Squiggles gets a makeover - photo by Leslie Simon
15. Radio Play Series
When looking at different delivery methods to bring theatre to people while they were home, the most obvious method was a throwback to the old radio plays. We opened our Radio Play Series with Trifles by Susan Glaspell, then shifted to a one-man adaptation of Bram Stoker’s Dracula by Zachary Andrews just in time for Halloween. To end the year, we went with a holiday classic producing Emily Van Fleet’s rendition of Dylan Thomas’ A Child’s Christmas in Wales.
Art for our radio play series designed by Pierce Murphy
16. Our best Colorado Gives Day ever
If there is one thing we have been humbled and honored by throughout 2020, it’s the support and loyalty of our dear patrons. You stepped up when we needed help and because of this we had our best Colorado Gives Day ever this year. At a time when arts organizations around the world are being shuttered, this support gives us the positivity and hope we need to power through until we can again gather together in-person.
17. A special guest stint from arts journalist John Moore
You may have noticed a familiar byline in Arvada Center blog posts this year. In a challenging year, we saw a silver lining and brought arts journalist John Moore onto our team to keep the arts industry in Colorado up to date with who is doing what, who has in-person events, and who had to close their doors. While the future of journalism is uncertain, there is always a need for the truth and a critical eye, and no one does that better than John Moore.

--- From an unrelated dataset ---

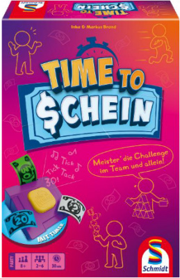 Einen hüfthohen Turm aus Alltagsgegenständen bauen, acht Herzen ineinander zeichnen oder ein Selfie mit drei Händen, einem Fuß und dem Schachteldeckel knipsen bei Time to Schein gibt es eine Vielzahl an kreativen Challenges. Mal performt man allein, mal zusammen, manchmal konzentriert und manchmal sportlich, aber immer unter Zeitdruck. Denn das Team handelt vorher aus, wie viel Zeit für die jeweilige Aufgabe investiert werden soll. Mit Geldscheinen, deren Wert der Anzahl an Sekunden entspricht, wird der sprechende Timer gefüttert. Und dieser zählt gnadenlos mit. Wenn es einmal knapp wird, hat das Team einen kleinen Joker: Es kann noch genau einen Geldschein nachlegen und damit für die Challenge wertvolle Sekunden gewinnen. Nur wenn alle ihre eigenen Fähigkeiten gut einschätzen und das gemeinsame Budget klug einsetzen, schafft es das Team, die verlangten fünf Herausforderungen erfolgreich zu meistern, bevor das Geld ausgeht.

18. The Family Tree: A Virtual Holiday Comedy by Jessica Austgen
Knowing that holding our annual holiday musical was completely out of the question, we knew we needed something clever and original. We commissioned 2020 Black Box Repertory Company actor Jessica Austgen to write us a new holiday play that was performed and watched using the online Zoom platform. This innovative approach brought some much-needed connection between our actors and audiences as the show was performed live each night. With actors performing alongside people they are quarantined with, it only made sense for Jessica to include her dog Titus in the cast – who then proceeded to steal the show.
Jessica Austgen, Geoffrey Kent & Titus Kent - photo by Leslie Simon
19. First-ever Online Art Market
Through money provided to the City of Arvada through the CARES Act, the Galleries division created an online version of our annual Art Market that saw record-breaking sales on its first day. Special thanks goes to our Galleries Exhibition Manager Emily Grace King for putting it all together.
20. Black in Denver
This powerful, vibrant photographic exhibition is the first solo exhibition of Narkita Gold, and knowing this is only the beginning for her, we couldn’t be happier to offer her this platform to inform, impress, and grow. Gold’s body of portrait work takes a critical look at identity, and she is already receiving a lot of media praise for her powerful efforts.